In 1850 Goodrich obtained several potato cultivars from Chili via a contact in the American embassy in Panama. One of the cultivars was labeled “Rough Purple Chili.” Its not known what strains Goodrich crossed with Rough Purple Chili but by 1853 he had a potato like no other. “Garnet Chili” was a vigorous potato producing large yields of large round white-fleshed tubers of “excellent quality.”
Goodrich’s new red potato was an instant success. Within a short time another amateur potato grower, Albert Bresee of Hubbardton Vermont, produced a slew of other varieties using Garnet Chili as parent stock. Bresee’s most famous potato, Early Rose, soon became the most widely grown potato in America as fields were replanted with “new and vigorous” potatoes that they assumed were immune from late blight.
One gardener that planted a crop of Early Rose was Luther Burbank’s mother. Although Burbank was a teenager at the time he took quick note of his mother’s crop of potatoes and noted that one potato plant produced seed from its flowers. Intrigued by this unusual event Burbank planted all 23 seeds the next year and found one plant that produced even larger yields of big oblong potatoes. The “Burbank Russet” was discovered.
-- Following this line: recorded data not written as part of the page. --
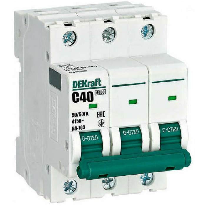 - Выключатель автоматический модульный DEKraft ВА-103 12309DEK 3P 40A С 6KA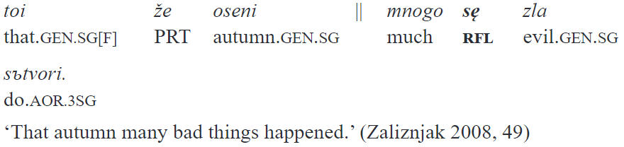 Other cases when gi is seemingly found in a position other than the second one may be described using the insights gained in Andrej Zaliznjak’s works on the second-position clitics in Old Russian. As Zaliznjak demonstrates (2008, 47–56), Old Russian clitics are able to “move” rightward from the second position in the cases when obligatorily sentence-beginning elements such as conjunctions or fronted constituent(s) (i.e. a topicalized or a focalized phrase) are present. In such cases, a “barrier” (Rus. ritmikosintaksičeskij barjer) is placed after these elements, and the second position is counted starting from the barrier, e.g.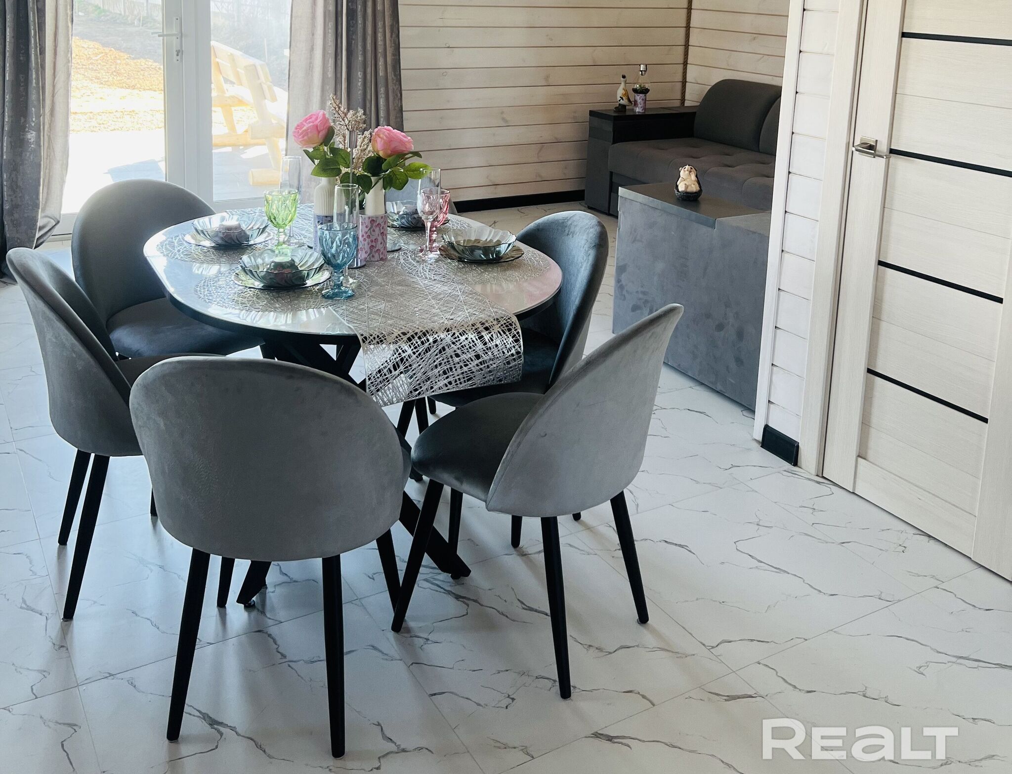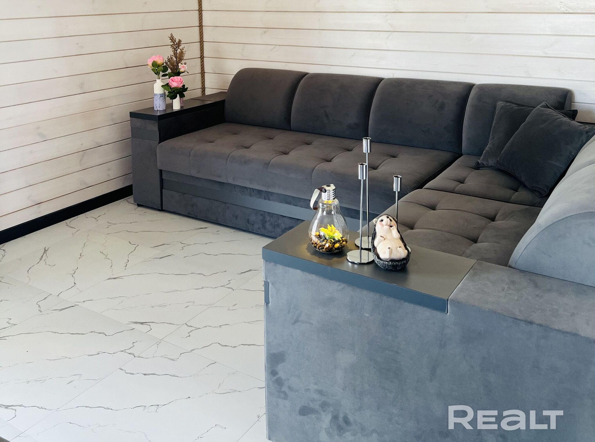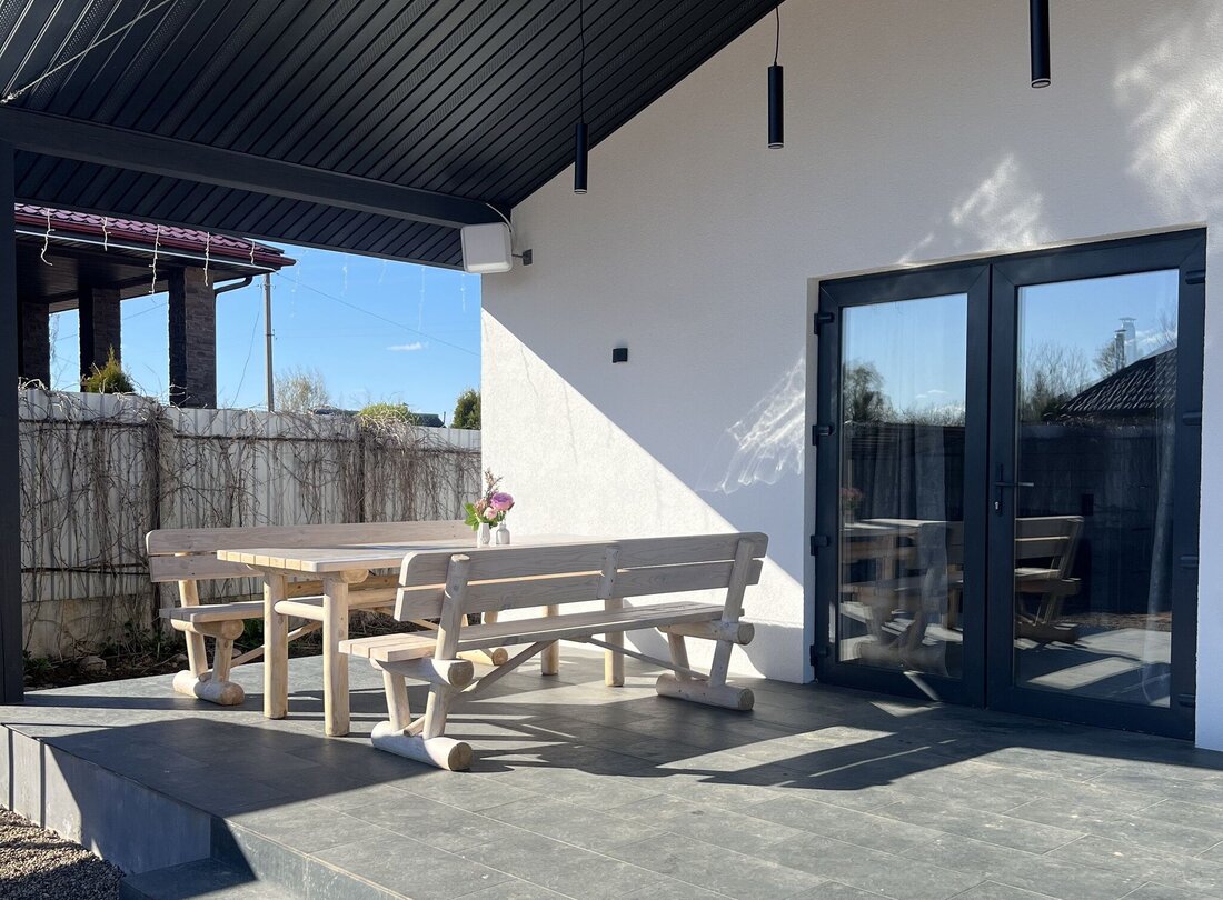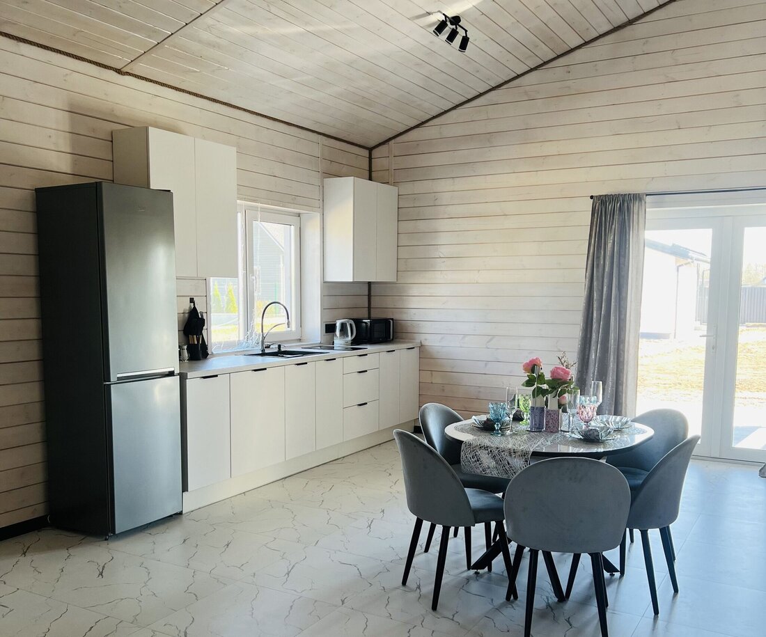 Общая площадь — 142 м2. Планировка такая: прихожая, топочная, санузел, две спальни и гостиная кухня. Внутри дом отделан деревом.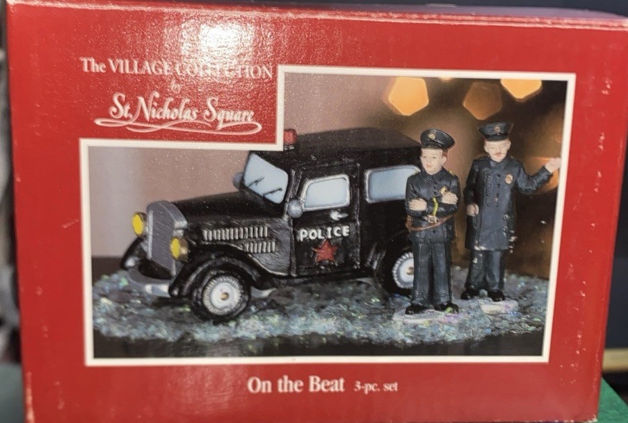 Add a festive touch to your Christmas Village with this St. Nicholas Square accessory featuring a "On The Beat" Police & Car set. The asymmetrical shaped resin set includes a police car and a police figure, perfect for creating a seasonal scene in any room. The multicolor set was manufactured in 1990 and comes in its original boxed packaging. The St. Nicholas Square Christmas Village Accessory is perfect for collectors and holiday enthusiasts of all ages. This original, boxed set is an ideal addition to any Christmas Village collection and features a police car suitable for display. Create a charming and festive scene with this unique accessory.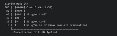This chart outlines the dose-dependent response of biofilm degradation when exposed to LL-37.

The development of DNA fingerprinting has allowed researchers to trace the remarkable story of potato genetics from Goodrich’s work in 1850 to the present day. The Garnet Chili potato contributed over half of the genetics to Burbank’s Russet. And it is significantly related to over 150 potato varieties now planted across North America and Europe. In short, Chauncey E Goodrich’s work in his backyard garden produced a genetic taproot for nearly all ‘modern potatoes’ grown today.
And what of the’ late blight’ that inspired Rev. Goodrich’s work? The potato blight first seen in 1841 was very likely transported from America to Europe via potato exports to Belgium where it spread across the continent. In 1845 the first outbreak in Ireland wiped out 70-80% of the potato crop that 3 million people depended upon for survival. Subsequent outbreaks of blight over the next decade plunged Ireland into starvation and millions died. The cause of the disease was debated for nearly fifteen years with prominent scientists taking differing views until a German scientist used a new method of proof called “Koch’s postulates” demonstrated that a small transmissible fungus was to blame. It was quickly shown that Garnet Chile is quite vulnerable to the fungus.
These Garnet Chili potatoes were organically grown in my garden in the Valley of the Moon. It is suggested that they be served with a sense of history and a light dressing of mayonnaise such as found in lobster potato salad. Rev. Goodrich had one thing right. They are of “excellent quality.”
C Lindquist
You have a fabulous blog - I love your posts and appreciate the scholarship involved. Garnet Chili is a historically important potato with a great story.
Posted by: Leigh | December 11, 2008 at 01:41 PM
The potato originated in Peru and has been cultivated since 8000 years ago in South America and it was important food of the Incas who developed advanced techniques for storing. In the fourth century the Spanish conquistadors brought it to Europe and sold in 1573 and potato in Seville. In 1900 he became one of the main food of the world. However, in the old world passed through fears and doubts in some places because it is attributed to be the cause of many evils from leprosy to lust.